How to use the json_decode/json_encode in PHP?

Question

I am getting a problem in PHP. I am trying to pass the username/password from Android and checking the value in MySQL through PHP. While using json_decode and json_encode , json_decode works but json_encode does not work. But when I remove the json_decode , json_encode works, but I want both of them to work in my program.

Here is my code:

$a = $_POST['userpwd_value']; //Accesing the value from Android.

$b = json_decode($a); //Decoding android value using JSON.

$username = $b->{'username'}; //Assigning username from android to a variable.
$password = $b->{'password'}; //Assigning password from android to a variable.

echo $username.$password;

$check = mysql_query("select username,password from user where id=1");
$row = mysql_fetch_assoc($check);

//if($row['username']==$username && $row['password']==$password)
    $output[]=$row;
//else
    //$output[]=array("value"=>"false");
print(json_encode($output));

Where is the problem?

Answer 1

json_encode fails if the variable content is not correctly UTF-8 sequenced. If your database uses another charset, the variables contain special characters, then you should get an error there. (raise the error_reporting level or check json_last_error to find out)
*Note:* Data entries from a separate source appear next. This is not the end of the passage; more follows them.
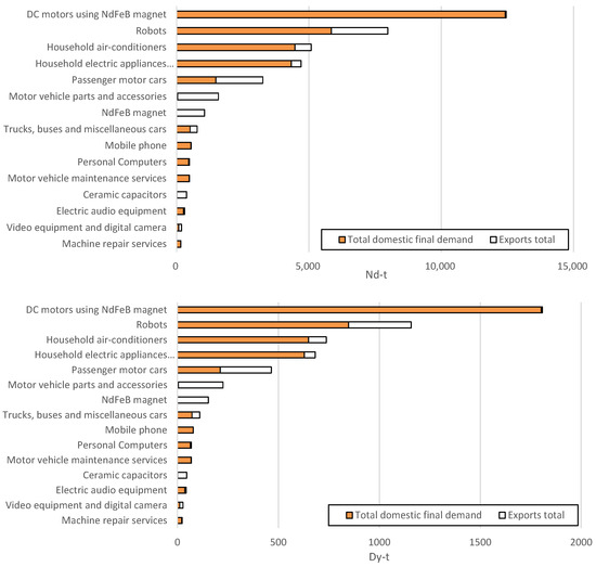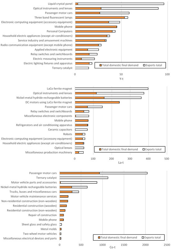 Major domestic final demands of each selected rare earth element in final and intermediate products.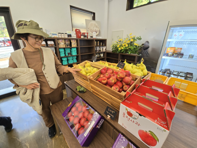 매장에는 홍천의 사과와 이를 원료로 만든 사과 주스, 된장 등도 판매 중이다. 판로를 찾지 못해 어려움을 겪는 농가, 소상공인들의 생산품을 납품 받아 판매하는 것이다.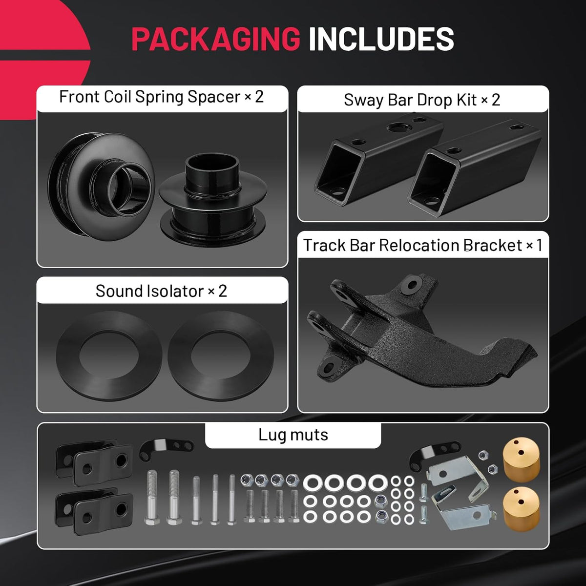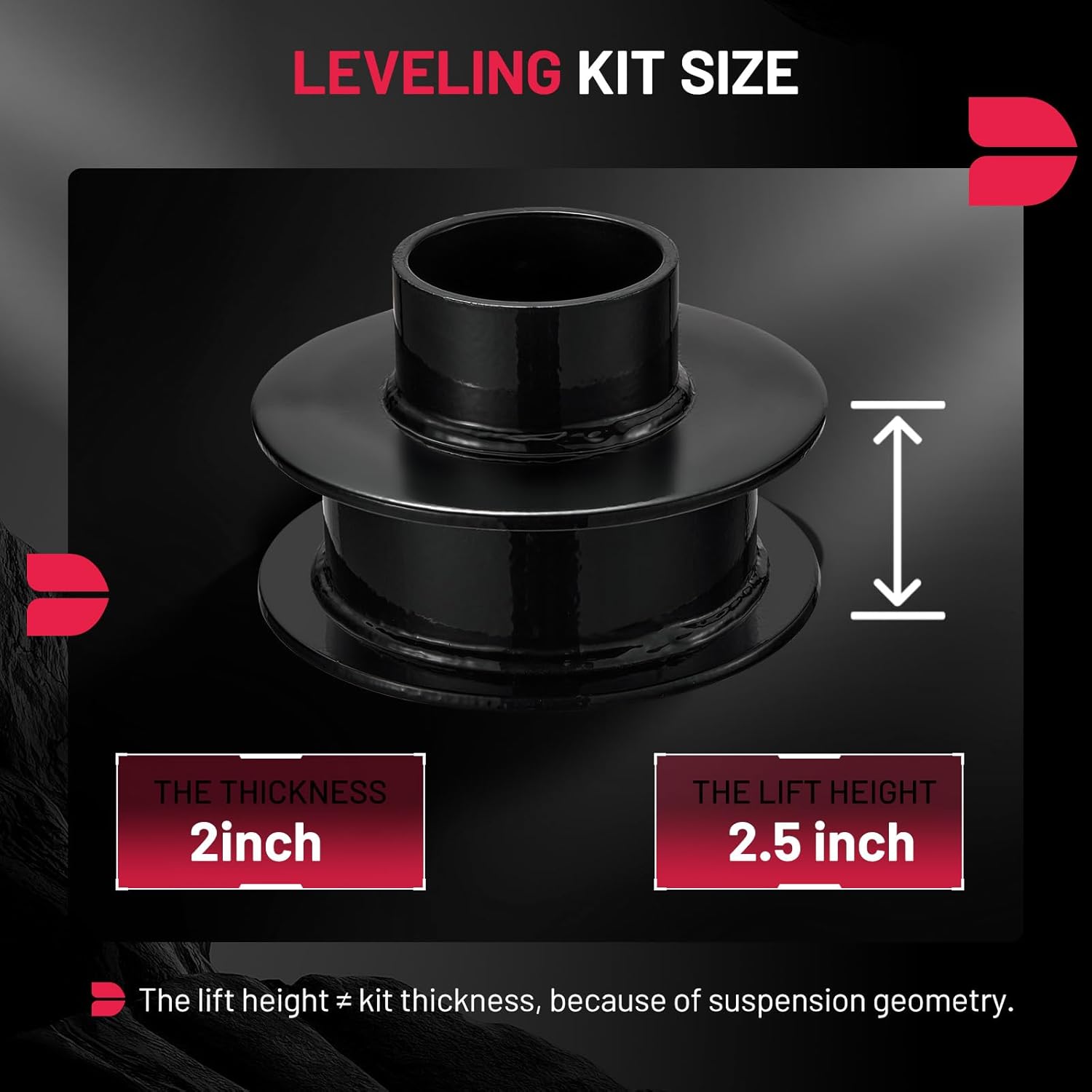 【PRODUCT USAGE】The road surface is uneven when driving a car.The 2.5 inch lift kit is designed to increase the factory front camber of the vehicle, keeping the vehicle level front to back. Increase the distance between the frame and the ground to make your driving easier and more enjoyable.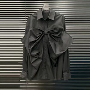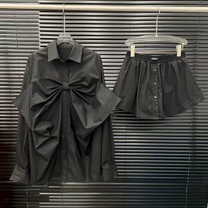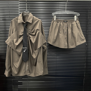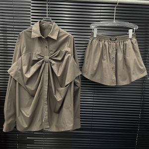 2025早秋新款小众复古一体大蝴蝶结设计中长款廓形衬衫+短裙套装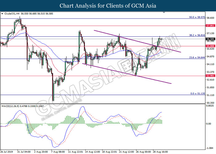 CrudeOIL, H4: Harga minyak mentah telah didagang dengan lebih rendah berikutan dengan pengunduran dari tahap rintangan 56.80. MACD yang memaparkan isyarat momentum bullish yang berkurangan mencadangkan komoditi ini untuk melanjutkan kerugiannya ke arah tahap sokongan 55.90.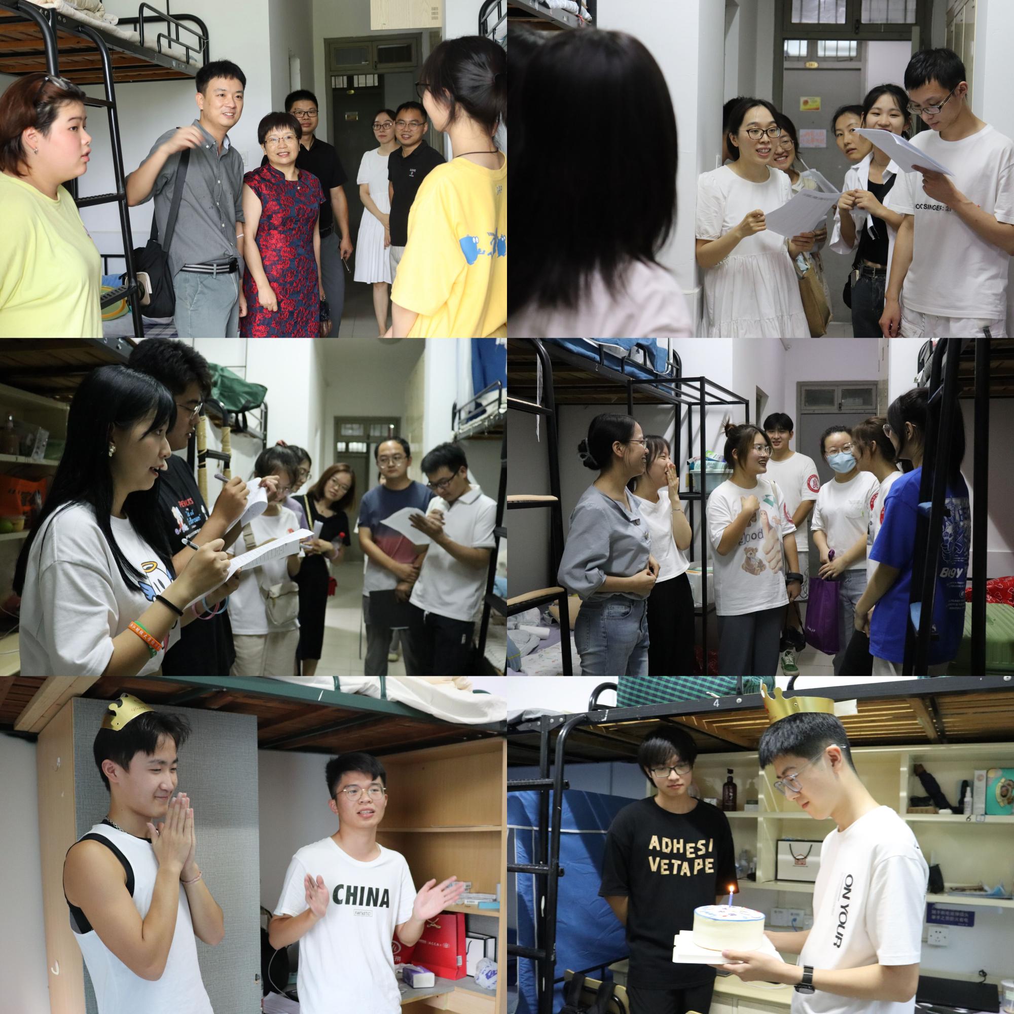 全体领导班子、新生班主任、辅导员以及各班班导一行走访新生寝室,了解他们的生活情况,并叮嘱同学们调整作息,以良好状态迎接军训到来。师生还与当天过生日的两位新生共同庆祝,现场气氛温馨愉快。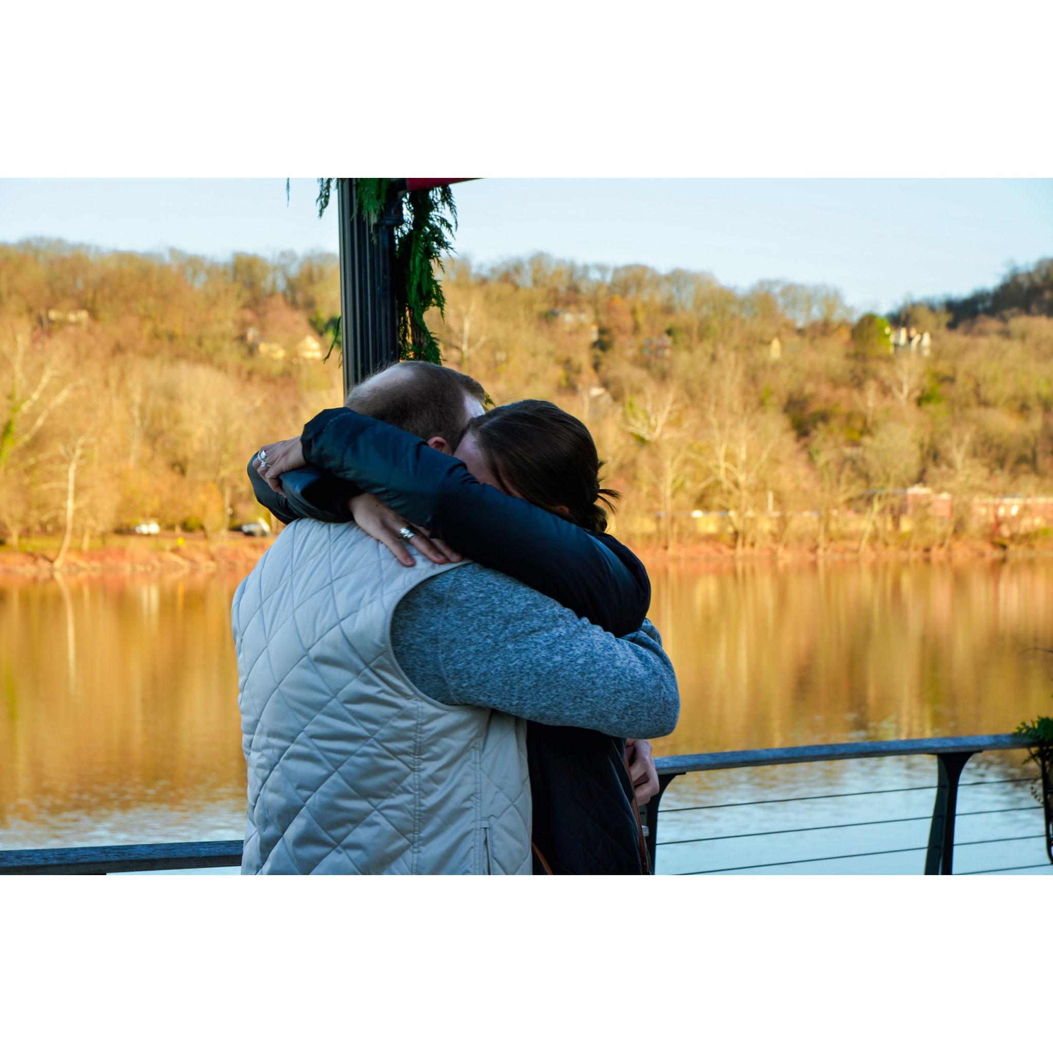 The moment Ashley realized that the random woman taking pictures of the river was actually there to take pictures of us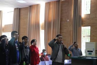 买买提带领参会党员庄严宣誓,重温入党誓词。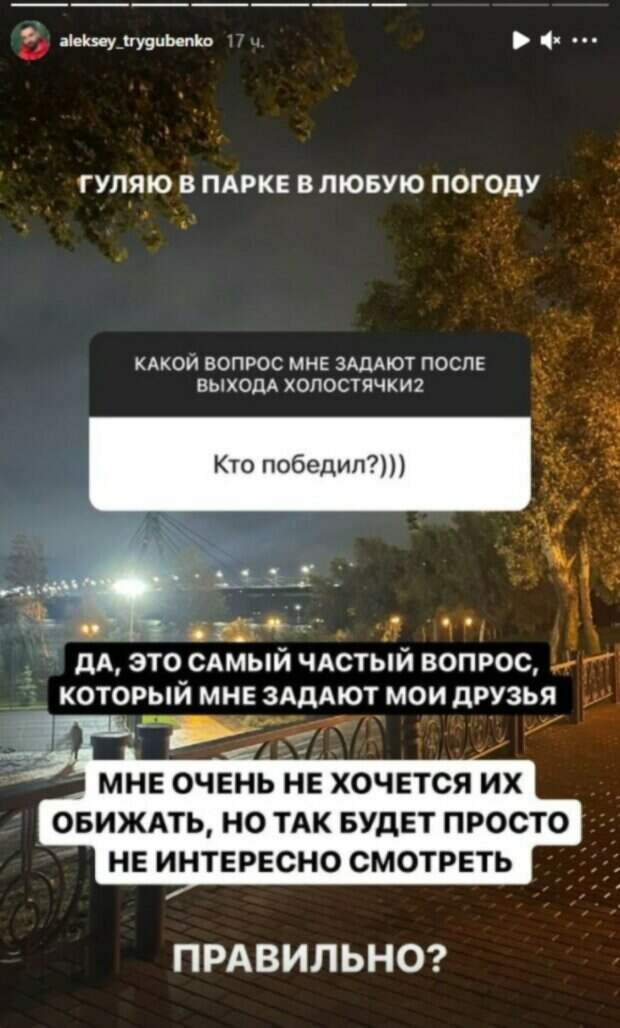 Поэтому Алексею пришлось поднять самую популярную тему за это время. Как оказалось, в последнее время Тригубенко все чаще встречает друзей. Которые задают ему один и тот же вопрос: «Лёша, ты не переживаешь, что вышел новый сезон, про тебя все забудут? Ты не в депрессии, все ли нормально?”. «Новый сезон вышел, про меня уже забудут. Когда я шел на проект, у меня не было цели стать известным. Я не мог быть уверен даже на 1%, что могу так далеко зайти, что обо мне узнают так много людей, увидит вся страна, а тем более, что полюбит. Я очень благодарен проекту за всё, что со мной в жизни произошло! Но, как вы знаете, после шоу я больше ушел в бизнес» - высказался Алексей. Он рассказал, что после этого жизнь его была обычной, он ходил на работу и приходил домой, как всегда. Со временем стал вам показывать немножко больше в Стори. «Раньше думал, что сначала нужно преуспеть в жизни, а потом уже показывать её, тем более ввести Instagram. Но потом осознал, что очень многие люди, которые сейчас на моем месте, которые тоже что-то пытаются создать, к чему-то стремятся, могут вдохновиться и подметить для себя какие-то моменты, которые помогут им. Спасибо всем, кто со мной! Обнял! » - выразил свои мысли мужчина. Отметим, Алексей Тригубенко, как и многие экс-участники первого сезона «Холостячки», начал смотреть второй сезон, а также выразил свое мнение по поводу увиденного. Причем все массово стали заваливать мужчину вопросами о самом шоу. «Как вы думаете, какой самый популярный вопрос мне сейчас постоянно задают, после того, как вышел новый сезон Холостячки? Да, спрашивают, кто победил. Это самый частый вопрос, который мне задают друзья. Мне очень не хочется их обижать, но так будет не интересно смотреть. Согласны?» - выразил свое мнение мужчина. Ранее сообщали, финалист "Холостячки" Тригубенко рассказал о своей любви, светясь от счастья Также, отвергнутый "Холостячкой" Мишиной Тригубенко нашел утешение вдали от родины Politeka рассказывала, финалист "Холостячки" Тригубенко обнародовал кадры со свадьбы на берегу моря

Another problem with your specific code is that you first output something else:

 echo $username.$password;

This will invalidate the JSON output as a whole. If you have leading garbage, your browser will not decode the returned variables correctly. Also don't forget to send the appropriate header with your result using header("Content-Type: application/json");

---

  $b=json_decode($_POST['userpwd_value']); 
  $username=$b->{'username'}; 
  $password=$b->{'password'};

  $check = mysql_query("select username,password from user where id=1");
  $row = mysql_fetch_assoc($check);
  $row = array_map("utf8_encode", $row);

  if ($row['username']==$username && $row['password']==$password) {
      $output[] = $row;
  } else {
      $output[] = array("value"=>"false");
  }
  header("Content-Type: application/json");
  print(json_encode($output));

Answer 2

I would think there may be another level in the JSON-encoded data ( $a ). Does your echo statement show the correct username and password? If not, place var_dump($b); after your $b = json_decode($a); statement.

Answer 3

Replace the below two lines to the following.

Your original lines:

  $username=$b->{'username'};
  $password=$b->{'password'};

New lines:

  $username=$b->username;
  $password=$b->password;

After the replacement, check if it's working or not.